Obituaries

Journalist Vera Elyashiv dies aged 97

Lithuanian survivor and journalist who questioned the success of Germany’s denazification programme

July 8, 2026 09:19
Vera wedding with Robert Audley

By

Gloria Tessler

5 min read

She was lined up to be shot by the Nazis but rescued at the last moment by the Russian army in 1945. This was one of the many terrors experienced by the young Vera Elyashiv which she described, at the age of 16, in A Letter I Wrote in 1945. It remains her only testament to her Holocaust experiences.

Elyashiv, who has died aged 97, and whose letter was published in The Jewish Quarterly in 1970 wrote: “I hope that it will be remembered that it was written by a bewildered little girl with neither writing nor publishing ambitions about how her father and entire family perished and she alone survived without really trying, but feeling guilty and ashamed for that.”

Vera was 12 when the Nazis ordered all the Jews in the Kovno ghetto in Lithuania into the town square at 5am on the morning of October 27, 1941. She and her father watched “huddled and bent shadows emerging from all directions.

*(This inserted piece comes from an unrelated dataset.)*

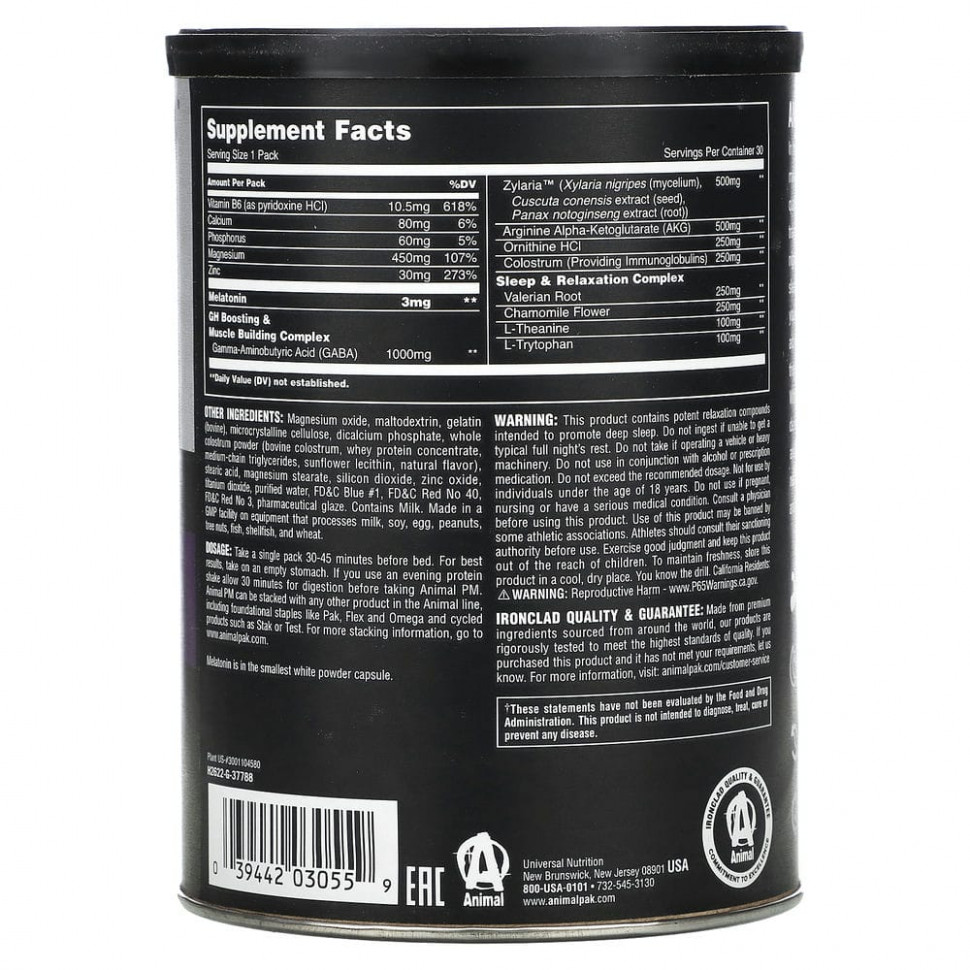 О нас. Рождение бренда Animal в 1983 году было ознаменовано появлением Animal Pak — эффективного тренировочного комплекса, который заложил основы будущего развития. Появившись в ответ на запросы и потребности профессиональных бодибилдеров, бренд Animal за эти десятилетия невероятно вырос. На протяжении вот уже многих лет название бренда ассоциируется с доверием, честностью и серьезным подходом к делу. Animal представляет линейку продуктов, которые выдержали испытание временем, постоянно доказывая свою эффективность как в научных лабораториях, так и в спортивных залах, что важнее всего. Создано для людей с интенсивной физической активностью, которые серьезно относятся к питанию. Animal — это лучший выбор в категории полноценных, комплексных добавок. Animal. Выбор чемпионов. Что такое Animal PM®? R&R. Да, это название игры. Ваша результативность определяется тем, насколько быстро и эффективно вы восстанавливаетесь. Можно тренироваться вполсилы или работать на пределе своих возможностей. В любом случае прогресс будет зависеть от того, насколько хорошо восстанавливается организм в период между тренировками. Для достижения ваших целей абсолютно необходимы сон и правильное питание в положенное время. Animal PM вам в этом поможет. Интенсивные тренировки в тренажерном зале утомляют и истощают организм. С помощью Animal PM можно превратить время между тренировками не просто в отдых, а в период интенсивного роста. Если вы хотите увеличить защитные возможности организма, хотите развиваться, накапливая силы, воспользуйтесь эффективным продуктом Animal PM.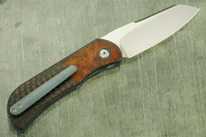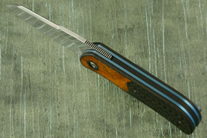 The handle is formed from carbon fiber with precision fit desert ironwood (Olneya tesota) inlays. An integral carbon fiber pivot ring surrounds the custom pivot. The inlays are flawless with the transition between the two materials being nearly invisible. Blue anodized titanium liners surround the carbon fiber back spacer. The handle is completed with a 3D machined, blue anodized titanium pocket clip mounted for right-handed, tip-up carry.

All were going – the old and the crippled, some limping, some hopping, sick ones and paralysed ones carried with their beds. But you could hear hardly anything but the uneven shuffling of feet – it was like a speechless funeral.

“I stood there, clinging to my father’s arm with one hand and grandmother’s with the other, her other hand being held by grandfather.” But suddenly she saw her grandparents thrown to the left. “Of all the terrible moments that were to follow this was one of the worst for me. I don’t think I’ll ever forget their big, helpless eyes. They kept turning to us with outstretched arms and their lips were moving but no words came out. Two Gestapo officers pushed them brutally away.”